§ **Exercise objective**
Records follow. Print exactly the lines from the one that has "パイル(タオル)の優しい肌触" through the one that has "Ontgrendel gebieden op", inclusive, and omit the pictures.

§ **Data records**
---
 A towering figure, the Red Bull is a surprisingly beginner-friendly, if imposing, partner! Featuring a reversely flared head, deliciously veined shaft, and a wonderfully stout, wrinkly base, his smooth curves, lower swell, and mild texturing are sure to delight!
---
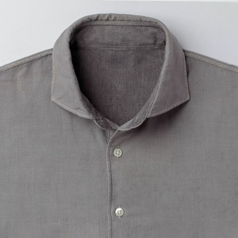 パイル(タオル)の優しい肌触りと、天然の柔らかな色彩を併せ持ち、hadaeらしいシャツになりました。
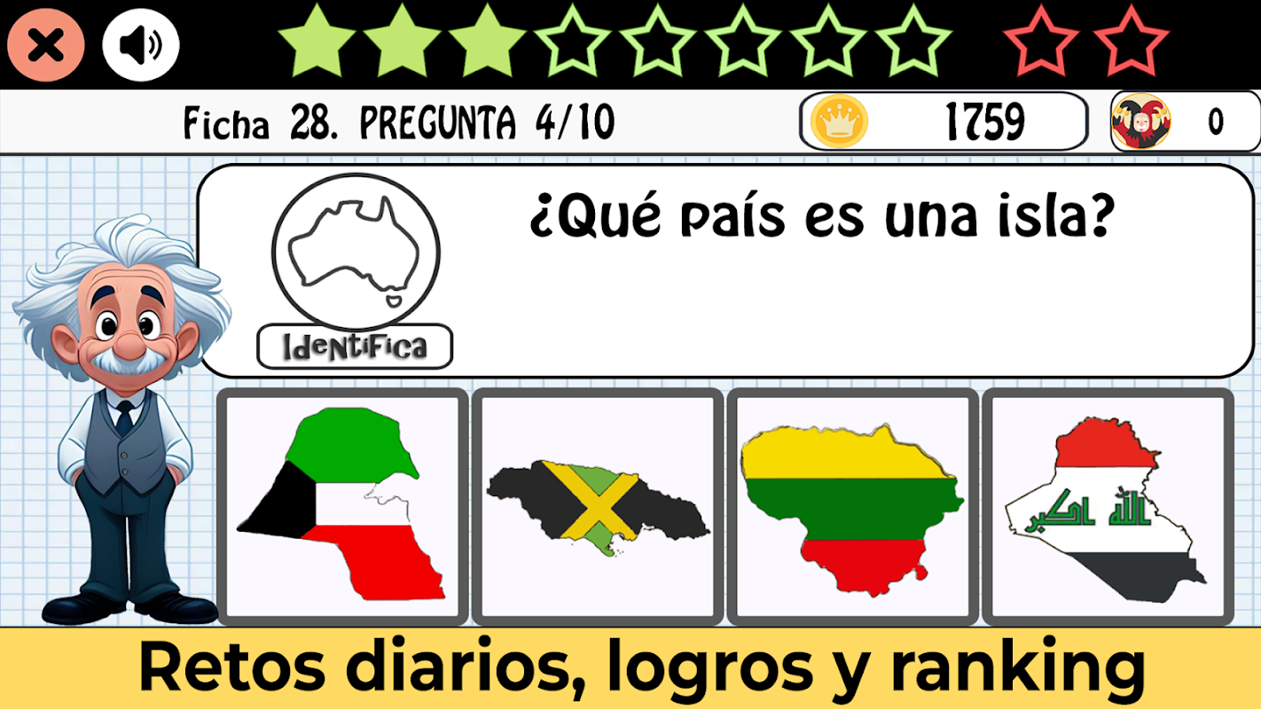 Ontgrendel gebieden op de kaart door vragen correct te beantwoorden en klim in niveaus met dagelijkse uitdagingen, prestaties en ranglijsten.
---
§ **Written reply**
 パイル(タオル)の優しい肌触りと、天然の柔らかな色彩を併せ持ち、hadaeらしいシャツになりました。
 Ontgrendel gebieden op de kaart door vragen correct te beantwoorden en klim in niveaus met dagelijkse uitdagingen, prestaties en ranglijsten.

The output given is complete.